In the stock market game, it’s the companies that provide the flair. Stocks that can give a portfolio a real boost.
Ato unite: The developer and owner of the Dante protocol, which has become the world standard in connecting audio to video. It controls 98 percent of the global market and is used by all major audio equipment manufacturers, so it has a massive “moat” against any future competition.
Lovisa: Would be this year’s Brownlow winner among retailers. The affordable jewelery retailer has completed a massive store opening in Australia and is now taking its formula to success overseas.
emailders: As an agricultural investment company that owns everything from farms and grain processing to rural real estate and financing. If you think food is going to be a strong investment theme over the next few years, Elders has you covered.
Pilbara minerals: As an essential ingredient in the production of batteries for electric vehicles, lithium is very popular at the moment. But Pilbara is one of the few real lithium producers, not an explorer promising big things in the future… Pilbara is making money now.

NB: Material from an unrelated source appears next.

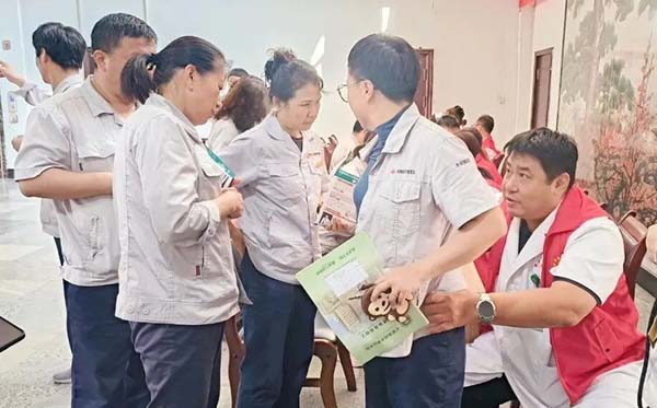 义诊环节,本溪市中心医院结合本钢人资中心开展的专项调研,针对企业职工常见的职业健康问题,精心选派心内科、肾内科、中医骨伤科、心理睡眠门诊、儿童健康管理中心、药学部的主任及专家组成医疗团队,为本钢人资中心职工提供健康咨询、科普宣传及用药咨询等义诊服务。护理志愿者还为职工免费做心电图、血糖及血压检查百余人次。不少职工特意带着体检报告前来咨询,现场专家结合体检报告分析后发现职工群体中存在的血压高、失眠、颈椎间盘突出等常见健康问题,大多与职业工作习惯相关,针对不同病症,专家们精准提出治疗对策。

The Goodman Group: Considered a premium builder with flair. Goodman dabbles in industrial property, building warehouses for companies like Amazon.
Forwards need to be consistent performers, but there needs to be a mix. The monster who provides the target is surrounded by a group of small forwards who provide sniff and run away from the big guy. The same in a stock portfolio.
Woodside: Monster (think Buddy Franklin) of the energy sector. After acquiring BHP’s oil and gas assets, Woodside is now a top 10 global producer. If you think energy prices are going to stay high for a while (as many analysts believe), then Woodside will be a major beneficiary.
REA: The real estate marketing platform dominates the sector in Australia and has expanded globally, with India seen as a country with great potential. Even when property is in a downturn, REA is still doing well as vendors pay for premium positions to improve sales potential. Second monster in the front line (think Jarryd Roughead).
Whitehaven: There is a theory that coal is a spoiled commodity because no new coal mines will be approved by governments or financed by banks. Therefore, as demand and prices for thermal coal remain high, there will be no new proposals to lower prices until decades of transition to renewables.
Cochlear: The bionic ear maker, which sells products around the world, has come under attack from new competitors in the past, but none have emerged as a significant threat. Still has a stranglehold on the market.
Subs in the AFL are used to replace a player who is injured or out of form. They are intended for plug the hole.
Premier Investment: A well-run retail investment company that will benefit from rising consumer spending. It owns brands such as Smiggle, Just Jeans, Peter Alexander and Portmans, and has a significant stake in kitchen appliance manufacturer Breville. Could replace Lovisa.
Mineral resources: a mining company that is a major producer of iron ore but has recently become a significant producer of lithium. Natural crop rotation from Pilbara Minerals.
Resmed: A leading manufacturer of sleep apnea devices and ventilators for hospitals. It is the third part of Australia’s global healthcare triumvirate (along with Cochlear and CSL) and could easily come off the bench for the other two.